“Sometimes, when you've a very long street ahead of you, you think how terribly long it is and feel sure you'll never get it swept.”
I am drowning in the virtual world.
“And then you start to hurry. You work faster and faster and every time you look up there seems to be just as much left to sweep as before, and you try even harder, and you panic”
The email app on my laptop tells me I have 2224 unread emails. One day I finally attempted to clean out my mailbox; I buckled down and clicked on the “delete” icon until my index finger almost had a spasm.
“In the end you're out of breath and have to stop.”
I still had 200 left when I finally gave up, and since then the number grew exponentially again (I wish bank interest worked the same way). I don’t even know who is emailing me anymore and I don’t remember signing up for them.
Even so, emails are the least of my problems. I have nine different messaging apps on my phone: Messenger, Snapchat, Slack, WeChat, WhatsApp, Telegram, GroupMe, Slack, Instagram DM, KakaoTalk, Discord. Each app has a slightly different purpose for different groups. Every day I wake up to 20 different notifications from millions of group chats and sometimes I lose track of which ones I need to reply to.
Truthfully, messaging still feels uncanny. It lacks humanness, the facial expressions (no, emojis do not make up for it) and the tone of our voices. The subtle, non-verbal cues that are essential in communication are gone. My friends can attest that pre-pandemic Elizabeth did not check her phone regularly and responded slowly. If you wanted to talk to me, we’d talk in-person.
However, since the pandemic has kept everyone on an island of their own, social media and messaging apps seem to be the only method of communication. We can count Zoom and FaceTime, but it takes forever to coordinate a time, right? In our fast-paced digital world, anything that takes more than a second to wait, or load, feels like a torture.
As I already wrote in one of my previous columns, I am taking a gap semester this term. Yet my mind is racing faster than ever, trying to catch up with all the news, to-dos and notifications from both sides of the globe. Because everything is happening online, there is no time “wasted” on walking from place A to B; there’s no more break time in between meetings because all it takes is several clicks onto one Zoom link, the leave button and then onto a new Zoom link. Repeat. Without the time to “waste,” our schedules have become tighter, with everything planned down to the minutes.
“People never seemed to notice that, by saving time, they were losing something else.”
Around this time last year one of my friends told me that she was going to take a gap year. I remember wishing I thought of it earlier because I needed a pause in my life. Everyday there were so many things on my to-do list: deadlines to meet, chapters to read and countless meetings to attend.
This year, I finally took a gap term because of — or thanks to — the pandemic.

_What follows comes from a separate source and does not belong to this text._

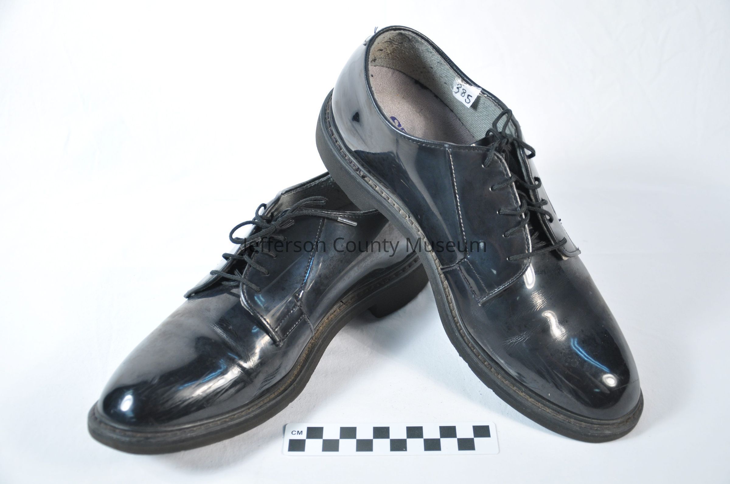 Black, patent leather U.S. Air Force dress shoes with laces. Rubber or dense foam material for soles. Embossed on the sole is "OIL RESISTANT - NON MARKING". On the instep is "Bates Lites 50% LIGHTER 75% COOLER". Inside on the heel is "BATES TM". Inside on tongue is white label with "BATES UNIFORM FOOTWEAR" and serial numbers and size.Acquisition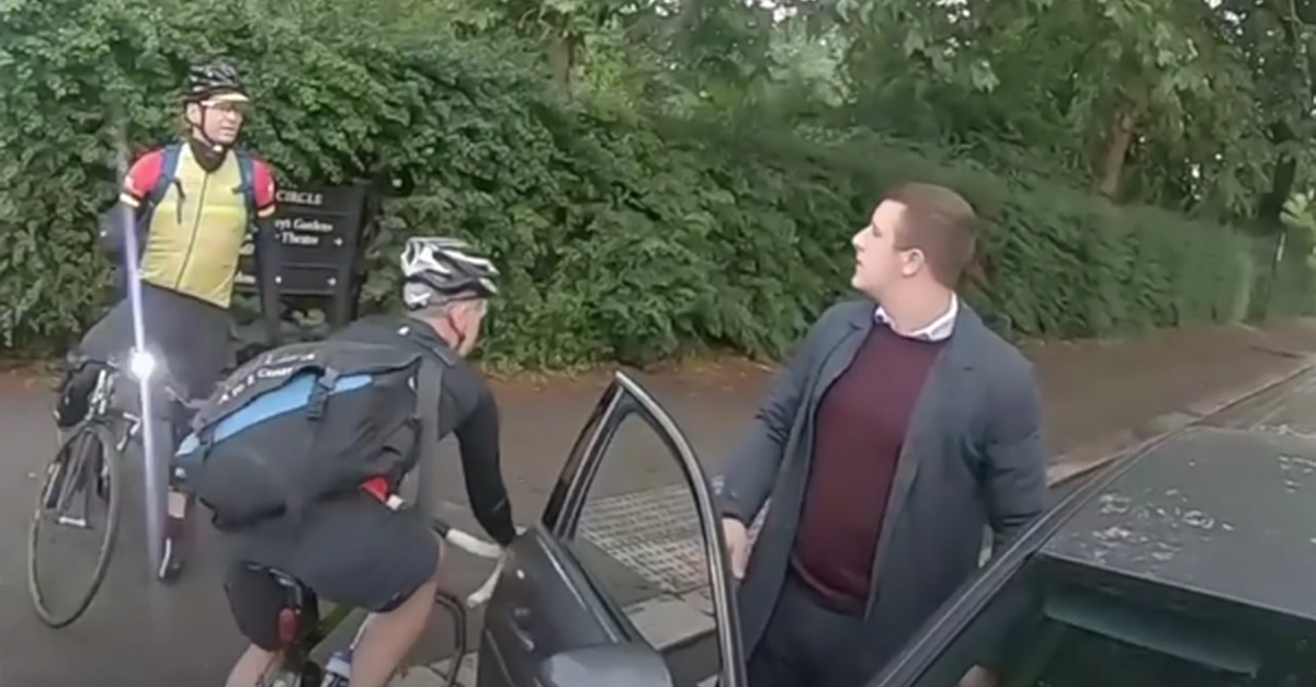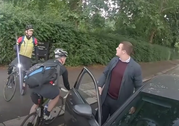 カメラを手に持ったサイクリストによって妨げられていることに苛立ち、ついには車を降りてくる!

However, I had still initially found myself with the same fast paced life. Time went by quickly, and I was always planning for something. Even though I was only taking two classes, I didn’t have peace of mind. Then, I realized, it’s not the world or the objective time: It was I who made myself run faster. I didn’t know how to focus on a single thing or enjoy the moment. Part of it was because I was buried deep in social media.
Why do I blame social media? Remember the 9-10 different messaging apps on my phone? My time (and yours!) is split between those, all requiring more of my attention because of how much is going on at a single point of time. I am grateful for messaging apps, for allowing me to keep in touch with my friends from another continent.

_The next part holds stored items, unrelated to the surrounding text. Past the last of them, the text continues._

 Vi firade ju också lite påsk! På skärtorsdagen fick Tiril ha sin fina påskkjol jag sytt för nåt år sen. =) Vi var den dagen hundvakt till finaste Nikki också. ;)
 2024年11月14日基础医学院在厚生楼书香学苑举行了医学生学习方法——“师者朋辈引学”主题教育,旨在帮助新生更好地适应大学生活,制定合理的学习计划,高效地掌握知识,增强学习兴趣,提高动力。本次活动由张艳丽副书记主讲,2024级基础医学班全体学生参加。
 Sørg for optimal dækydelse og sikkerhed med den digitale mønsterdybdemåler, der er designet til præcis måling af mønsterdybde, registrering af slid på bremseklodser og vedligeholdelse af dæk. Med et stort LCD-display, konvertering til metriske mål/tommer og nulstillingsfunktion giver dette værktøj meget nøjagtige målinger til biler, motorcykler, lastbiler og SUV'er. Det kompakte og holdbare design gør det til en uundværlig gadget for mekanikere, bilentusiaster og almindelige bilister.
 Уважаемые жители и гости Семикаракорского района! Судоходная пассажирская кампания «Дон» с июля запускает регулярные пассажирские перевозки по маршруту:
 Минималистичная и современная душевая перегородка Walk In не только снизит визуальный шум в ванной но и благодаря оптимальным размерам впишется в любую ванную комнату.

However, they have also expanded my reach more than I would have liked. There is constant pressure to keep up with the flood of new posts. As the Netflix documentary The Social Dilemma points out, human brains didn’t evolve to keep a relationship with thousands of people. If prolonged, it forces tremendous stress on our social functioning and cognitive processes.
“Calendars and clocks exist to measure time, but that signifies little because we all know that an hour can seem as eternity or pass in a flash, according to how we spend it.

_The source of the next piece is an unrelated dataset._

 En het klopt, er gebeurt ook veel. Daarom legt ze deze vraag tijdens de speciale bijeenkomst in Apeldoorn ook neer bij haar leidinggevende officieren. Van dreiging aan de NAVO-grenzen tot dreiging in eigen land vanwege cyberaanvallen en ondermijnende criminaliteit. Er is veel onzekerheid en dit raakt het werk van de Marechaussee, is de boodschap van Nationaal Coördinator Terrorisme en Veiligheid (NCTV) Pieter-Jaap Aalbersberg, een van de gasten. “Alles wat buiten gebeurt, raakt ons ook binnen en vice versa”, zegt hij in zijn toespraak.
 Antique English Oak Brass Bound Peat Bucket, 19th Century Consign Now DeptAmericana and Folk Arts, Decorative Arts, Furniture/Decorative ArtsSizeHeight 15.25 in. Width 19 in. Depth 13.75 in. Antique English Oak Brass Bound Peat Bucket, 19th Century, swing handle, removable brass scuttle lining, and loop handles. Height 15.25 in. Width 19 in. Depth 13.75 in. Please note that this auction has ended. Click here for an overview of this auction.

We’ve lost depth in our interactions. We can stop an ongoing conversation at our will by setting the phone down. We can turn off our video and divide our attention to multiple places, making our timeline split between each of them. We can appear and disappear just as quickly, at the last minute if we will it so, reducing the commitment and the seriousness of any encounter.
Moreover, we’ve become a moving pixel on a Zoom screen. As pixels, we can blip out of one meeting to another like Harry Potter chimney magic. Yet we are all so much more than just a result, an accomplishment or a two-dimensional picture on a screen.
I wish I could end this writing with some kind of a breakthrough. The best I can come up with is to turn off your phone once in a while or to delete social media. But they are not long-term solutions, especially in today’s world when our communication depends on the online platform. The question is, how do we keep a balance? How do we consciously realize how much we are influenced by the flood of information and the two-dimensionality of online communications? How do we keep being humans?
“You must never think of the whole street at once, understand? You must only concentrate on the next step, the next breath, the next stroke of the broom, and the next, and the next. Nothing else.”
I don’t know, but I think I’ll start by trying to focus on the moment and the process. One step at a time and less multitasking.
Disclaimer: All italicized quotes are from the novel Momo by Michael Ende.